2.6. Voor zover de raad, b & w en de stichting en andere aanvoeren dat het besluit van de Minister in de Staatscourant had moeten worden bekendgemaakt en, nu dit niet is geschied, het besluit hierom niet in werking is getreden, overweegt de voorzitter dat, nog afgezien van de vraag of het besluit van de minister afzonderlijk bekend had moeten worden gemaakt, een besluit dat tot een of meer belanghebbenden is gericht ingevolge artikel 3:41, eerste lid, van de Algemene wet bestuursrecht bekend dient te worden gemaakt door toezending of uitreiking aan belanghebbenden, onder wie begrepen de aanvrager. Publicatie in de Staatscourant was in elk geval niet noodzakelijk.
2.7. De voorzitter overweegt allereerst dat de aard van de bestreden besluiten met zich brengen dat de toetsing zich beperkt tot het in vergunningvoorschrift 6.1.4 aangegeven kader, te weten het doelmatig beheer van afvalstoffen.
Met betrekking tot het betoog over de Richtlijn 96/61/EG en het Besluit luchtkwaliteit 2005 overweegt de voorzitter dat dit betoog geen betrekking heeft op het doelmatig beheer van afvalstoffen, maar op de milieugevolgen die samenhangen met het storten van afvalstoffen. Dit betoog heeft dan ook geen betrekking op de verleende verklaring en ontheffing als zodanig, maar op het besluit tot het verlenen van een vergunning aan Twence B.V. voor het storten van afvalstoffen. Dit besluit staat in deze procedure niet ter beoordeling. Dit bezwaar noopt reeds hierom niet tot het treffen van een voorlopige voorziening.
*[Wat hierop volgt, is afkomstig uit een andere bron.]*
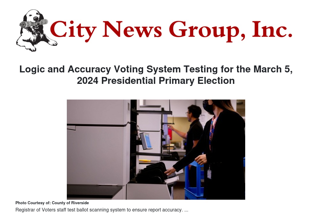 Logic and Accuracy Voting System Testing for the March 5, 2024 Presidential Primary Election by County of Riverside - City News Group, Inc.

2.8. De raad, b & w en de stichting en andere betogen voorts dat ook al is door alle afvalverbrandingsinstallaties (hierna: AVI's) een vollastverklaring afgegeven, daarmee niet is aangetoond dat er geen andere verwerkingsmogelijkheden dan storten beschikbaar zijn.
2.8.1. Gelet op de verklaring van de Minister en het verhandelde ter zitting is de voorzitter aannemelijk geworden dat verbranding van de desbetreffende stoffen in de in geding zijnde periode niet mogelijk is evenmin als andere verwerkingsmogelijkheden, zoals product- of materiaalhergebruik of tijdelijke opslag. Daarbij heeft de voorzitter in aanmerking genomen dat als voorwaarde aan de ontheffing is verbonden dat deze alleen gebruikt kan worden in de weken dat er voor alle AVI's in Nederland een verklaring van vollast is afgegeven.
2.9. Nu niet is gebleken dat niet aan de in vergunningvoorschrift 6.1.4 genoemde criteria voor het verlenen van een ontheffing is voldaan, bestaat geen aanleiding voor het treffen van een voorlopige voorziening. De voorzitter ziet daarom aanleiding de verzoeken om het treffen van een voorlopige voorziening af te wijzen.
2.10. Voor een proceskostenveroordeling bestaat geen aanleiding.
De voorzitter van de Afdeling bestuursrechtspraak van de Raad van State:
Aldus vastgesteld door mr. K. Brink, als voorzitter, in tegenwoordigheid van mr. J. Heijerman, ambtenaar van Staat.